Work to be completed: From the data below, please reproduce exactly everything from the line that contains "Ante la posible" down to the line that contains "3. Install lift", with both ends included.

Data extracts:

┄┄┄┄┄┄┄┄┄┄┄┄┄┄┄┄┄┄┄┄

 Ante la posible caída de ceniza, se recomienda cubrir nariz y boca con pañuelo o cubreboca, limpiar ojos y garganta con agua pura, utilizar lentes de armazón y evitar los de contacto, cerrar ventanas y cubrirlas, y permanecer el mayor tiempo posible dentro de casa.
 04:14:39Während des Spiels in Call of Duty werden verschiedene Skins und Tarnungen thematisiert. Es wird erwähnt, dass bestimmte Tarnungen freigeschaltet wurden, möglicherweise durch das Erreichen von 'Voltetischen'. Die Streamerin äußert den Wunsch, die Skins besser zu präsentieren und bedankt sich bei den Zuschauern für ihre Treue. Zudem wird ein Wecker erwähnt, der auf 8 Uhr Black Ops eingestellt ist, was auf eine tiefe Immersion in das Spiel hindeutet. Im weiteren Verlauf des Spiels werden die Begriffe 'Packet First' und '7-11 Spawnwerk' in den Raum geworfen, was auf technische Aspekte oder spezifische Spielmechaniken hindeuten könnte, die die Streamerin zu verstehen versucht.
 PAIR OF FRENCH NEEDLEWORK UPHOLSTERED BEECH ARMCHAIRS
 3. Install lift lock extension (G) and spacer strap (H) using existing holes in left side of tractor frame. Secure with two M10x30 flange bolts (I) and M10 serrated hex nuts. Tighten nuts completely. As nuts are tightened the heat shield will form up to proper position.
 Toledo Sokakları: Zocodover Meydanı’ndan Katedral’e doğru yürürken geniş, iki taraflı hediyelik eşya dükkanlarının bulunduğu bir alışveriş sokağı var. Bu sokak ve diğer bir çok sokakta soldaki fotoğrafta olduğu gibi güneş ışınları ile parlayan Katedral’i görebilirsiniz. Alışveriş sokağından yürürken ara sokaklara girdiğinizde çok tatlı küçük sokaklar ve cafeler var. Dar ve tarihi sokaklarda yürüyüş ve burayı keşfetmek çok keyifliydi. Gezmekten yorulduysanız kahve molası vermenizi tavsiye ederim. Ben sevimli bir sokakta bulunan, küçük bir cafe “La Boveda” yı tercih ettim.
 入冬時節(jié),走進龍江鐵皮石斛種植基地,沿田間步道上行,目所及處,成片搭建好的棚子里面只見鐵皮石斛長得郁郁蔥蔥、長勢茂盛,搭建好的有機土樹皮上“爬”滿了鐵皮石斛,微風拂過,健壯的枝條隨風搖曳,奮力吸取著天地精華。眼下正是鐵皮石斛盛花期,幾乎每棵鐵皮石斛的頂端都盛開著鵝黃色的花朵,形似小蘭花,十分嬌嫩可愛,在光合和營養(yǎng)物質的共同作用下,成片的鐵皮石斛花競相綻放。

┄┄┄┄┄┄┄┄┄┄┄┄┄┄┄┄┄┄┄┄

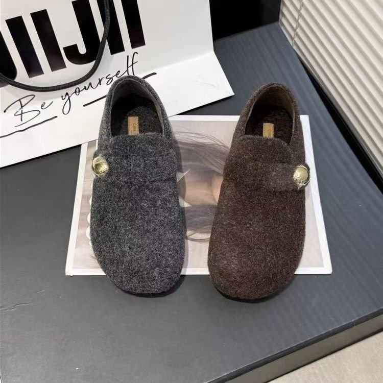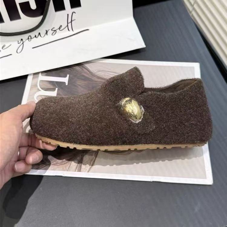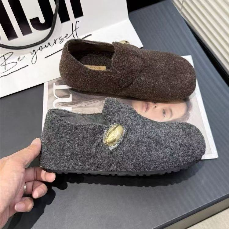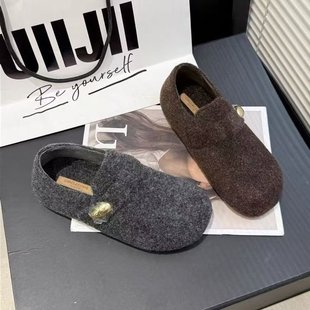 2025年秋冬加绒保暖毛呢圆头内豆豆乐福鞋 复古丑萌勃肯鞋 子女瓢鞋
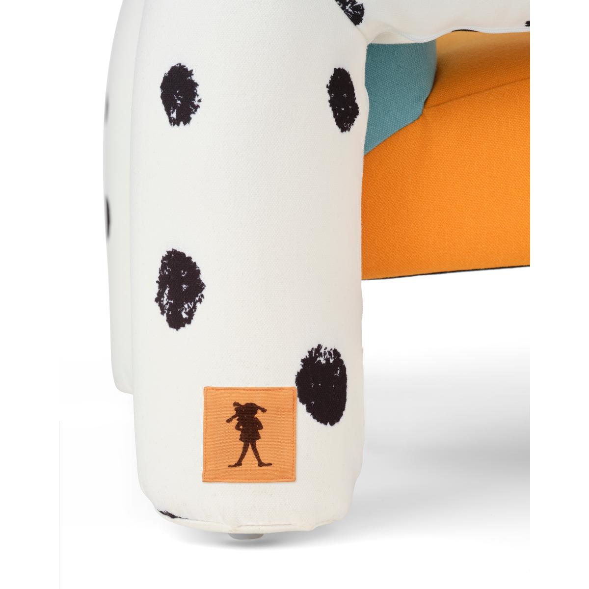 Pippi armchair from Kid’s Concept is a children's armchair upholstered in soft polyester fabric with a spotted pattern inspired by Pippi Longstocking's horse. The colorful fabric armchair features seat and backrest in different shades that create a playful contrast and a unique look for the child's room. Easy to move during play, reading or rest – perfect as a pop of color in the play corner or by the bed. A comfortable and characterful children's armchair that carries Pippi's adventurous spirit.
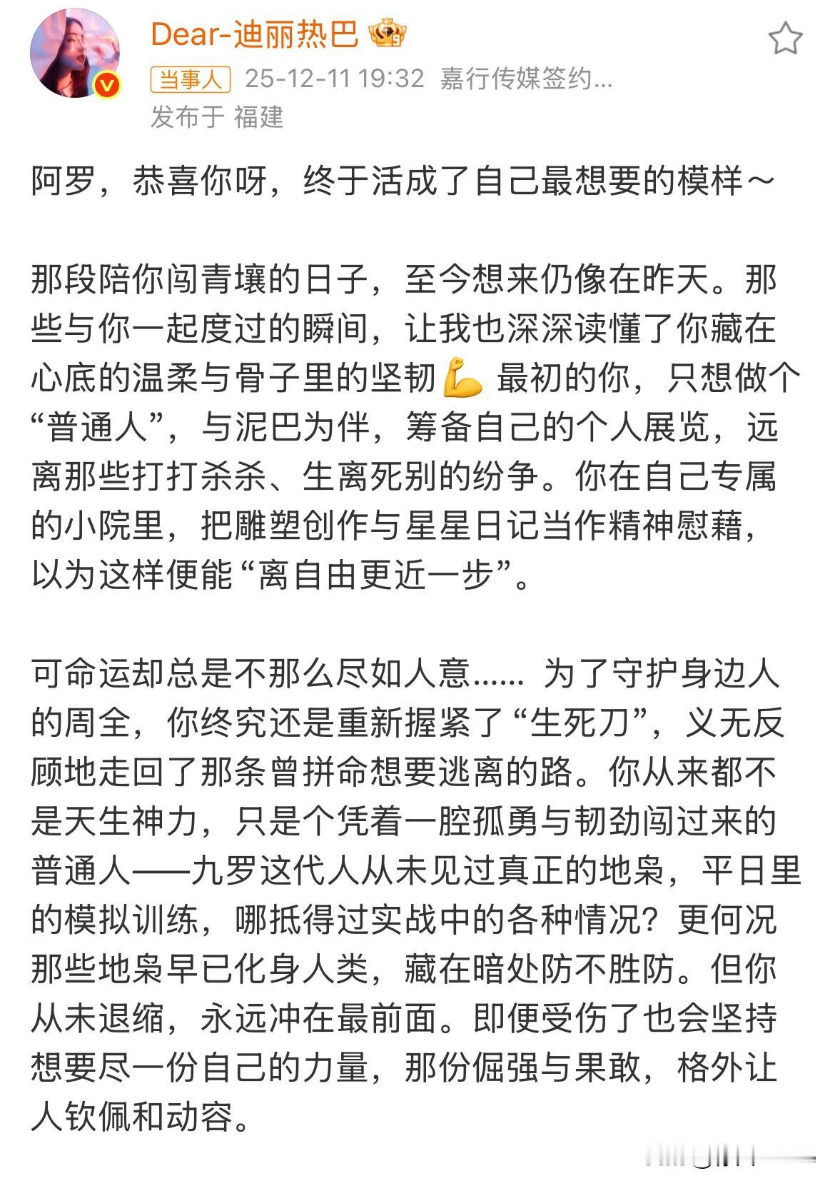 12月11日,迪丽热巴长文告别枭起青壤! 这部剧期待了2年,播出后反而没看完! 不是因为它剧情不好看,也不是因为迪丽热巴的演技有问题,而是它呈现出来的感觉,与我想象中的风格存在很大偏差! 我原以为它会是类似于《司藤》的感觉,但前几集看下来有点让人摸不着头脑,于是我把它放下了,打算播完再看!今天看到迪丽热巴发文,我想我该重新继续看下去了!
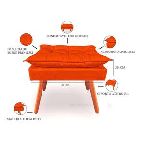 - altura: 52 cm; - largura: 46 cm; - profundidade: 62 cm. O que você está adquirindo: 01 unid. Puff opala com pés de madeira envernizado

┄┄┄┄┄┄┄┄┄┄┄┄┄┄┄┄┄┄┄┄

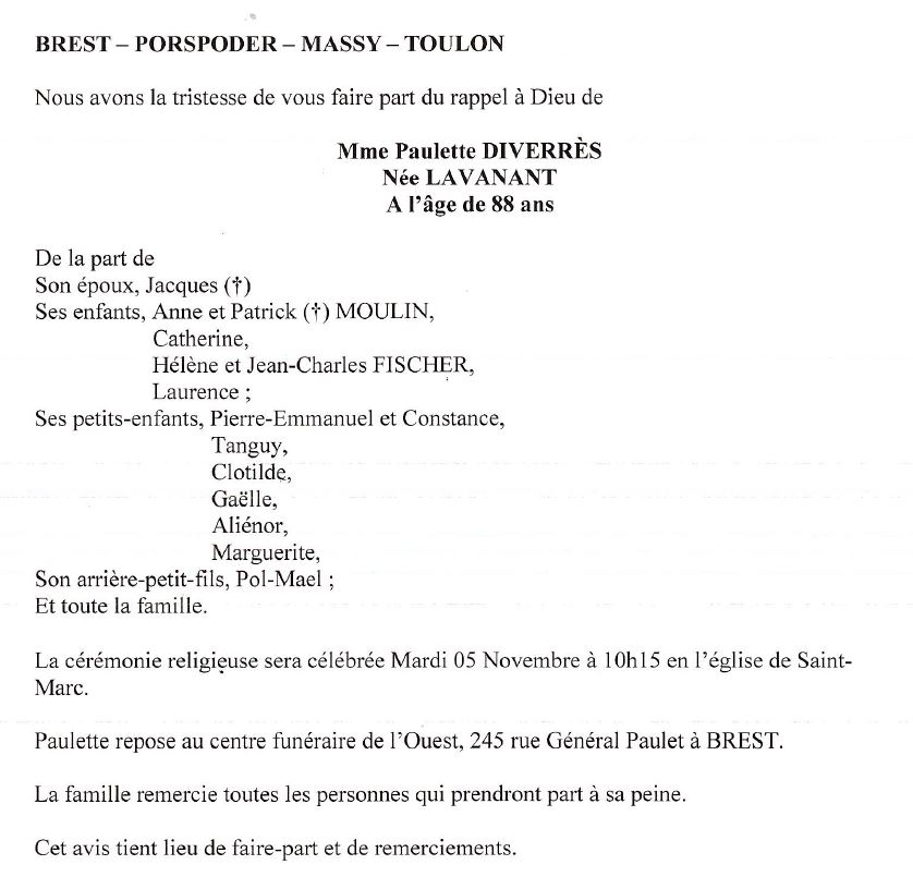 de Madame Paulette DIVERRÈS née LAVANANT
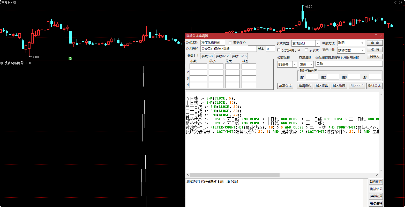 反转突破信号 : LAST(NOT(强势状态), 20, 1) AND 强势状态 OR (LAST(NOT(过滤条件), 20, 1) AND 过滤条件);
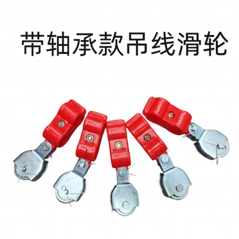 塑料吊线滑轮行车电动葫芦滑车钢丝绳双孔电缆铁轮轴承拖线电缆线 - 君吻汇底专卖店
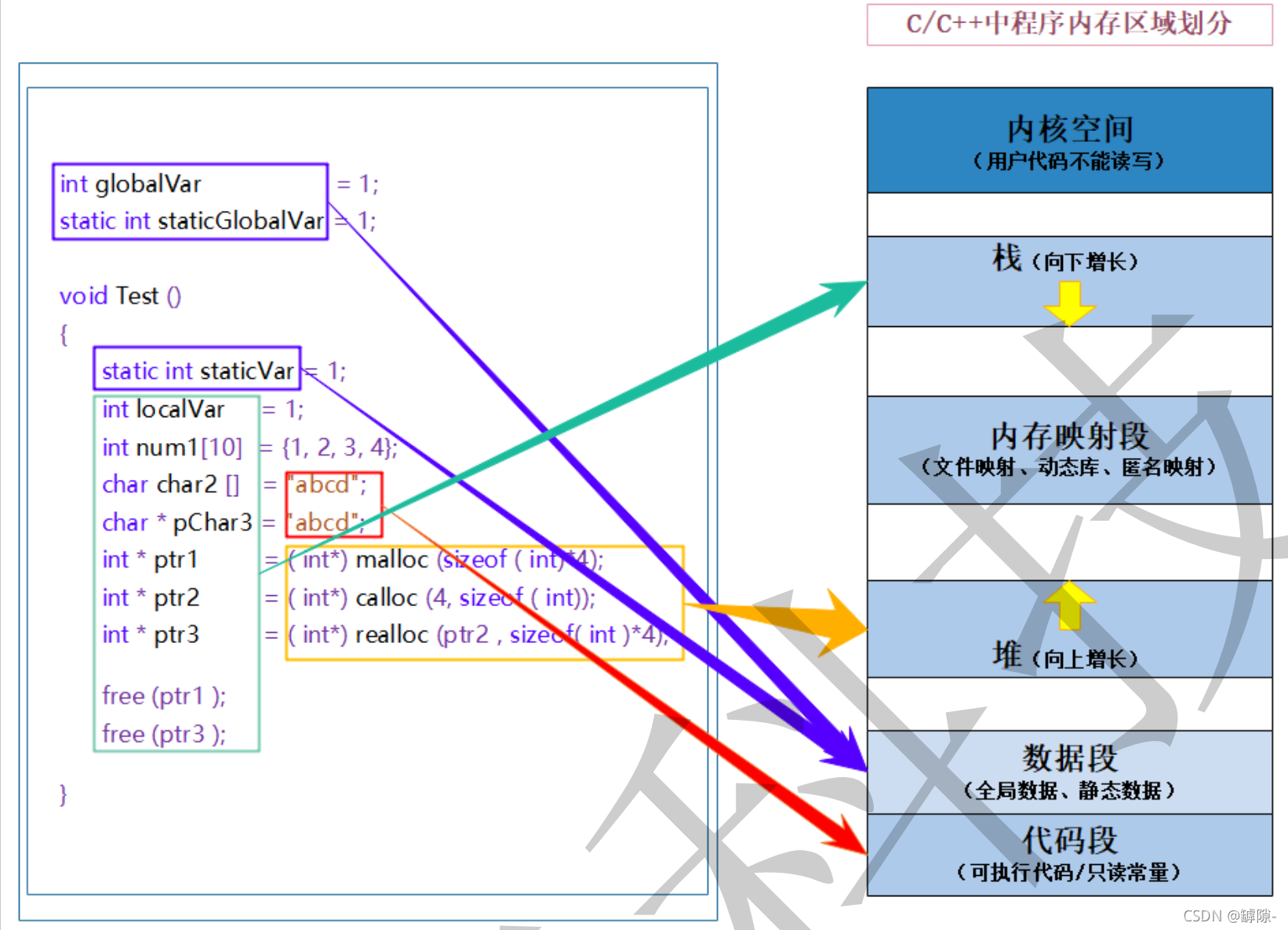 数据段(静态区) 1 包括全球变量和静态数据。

┄┄┄┄┄┄┄┄┄┄┄┄┄┄┄┄┄┄┄┄

Response to the exercise:
 Ante la posible caída de ceniza, se recomienda cubrir nariz y boca con pañuelo o cubreboca, limpiar ojos y garganta con agua pura, utilizar lentes de armazón y evitar los de contacto, cerrar ventanas y cubrirlas, y permanecer el mayor tiempo posible dentro de casa.
 04:14:39Während des Spiels in Call of Duty werden verschiedene Skins und Tarnungen thematisiert. Es wird erwähnt, dass bestimmte Tarnungen freigeschaltet wurden, möglicherweise durch das Erreichen von 'Voltetischen'. Die Streamerin äußert den Wunsch, die Skins besser zu präsentieren und bedankt sich bei den Zuschauern für ihre Treue. Zudem wird ein Wecker erwähnt, der auf 8 Uhr Black Ops eingestellt ist, was auf eine tiefe Immersion in das Spiel hindeutet. Im weiteren Verlauf des Spiels werden die Begriffe 'Packet First' und '7-11 Spawnwerk' in den Raum geworfen, was auf technische Aspekte oder spezifische Spielmechaniken hindeuten könnte, die die Streamerin zu verstehen versucht.
 PAIR OF FRENCH NEEDLEWORK UPHOLSTERED BEECH ARMCHAIRS
 3. Install lift lock extension (G) and spacer strap (H) using existing holes in left side of tractor frame. Secure with two M10x30 flange bolts (I) and M10 serrated hex nuts. Tighten nuts completely. As nuts are tightened the heat shield will form up to proper position.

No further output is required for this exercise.